==== DATA BELOW
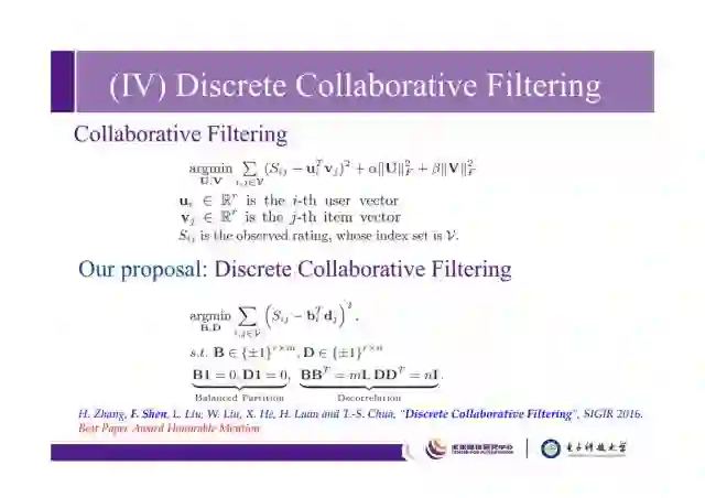 这是我们2016SIGIR上和新加坡国立大学张含望老师合作的一个工作。Collaborative filtering,大家知道协同滤波一般用在推荐系统里,它实际是一个矩阵分解问题。一般推荐系统中用户量和数据量是非常大的,当时我们希望通过二值哈希技术来将它加速。
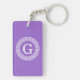 Amethyst Purple and White Greek Key Round Framed Initial Monogram
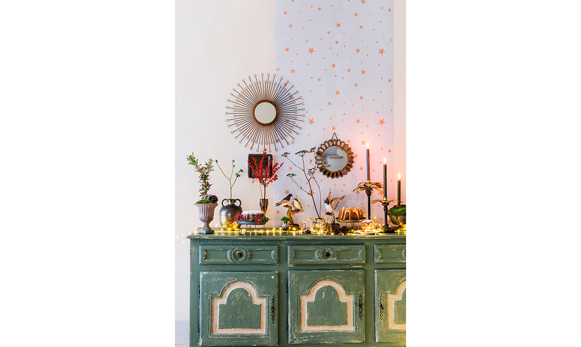 Decorazioni floreali, alzatine e oggetti in argento [Copihue Floral Studio], dolci Sweets Design [Design Food House]; uccelli [da €33], campane [€7,50], portacandele [€34] e luci [tutto Enzo De Gasperi]. A parete, specchi Eclat e Soleil [Chehoma entrambi da Galleria Mia da € 60].
========
_TASK DESCRIPTION_
Print the full listing above again with exact wording and no images.

_TASK ANSWER_
 这是我们2016SIGIR上和新加坡国立大学张含望老师合作的一个工作。Collaborative filtering,大家知道协同滤波一般用在推荐系统里,它实际是一个矩阵分解问题。一般推荐系统中用户量和数据量是非常大的,当时我们希望通过二值哈希技术来将它加速。
 Amethyst Purple and White Greek Key Round Framed Initial Monogram
 Decorazioni floreali, alzatine e oggetti in argento [Copihue Floral Studio], dolci Sweets Design [Design Food House]; uccelli [da €33], campane [€7,50], portacandele [€34] e luci [tutto Enzo De Gasperi]. A parete, specchi Eclat e Soleil [Chehoma entrambi da Galleria Mia da € 60].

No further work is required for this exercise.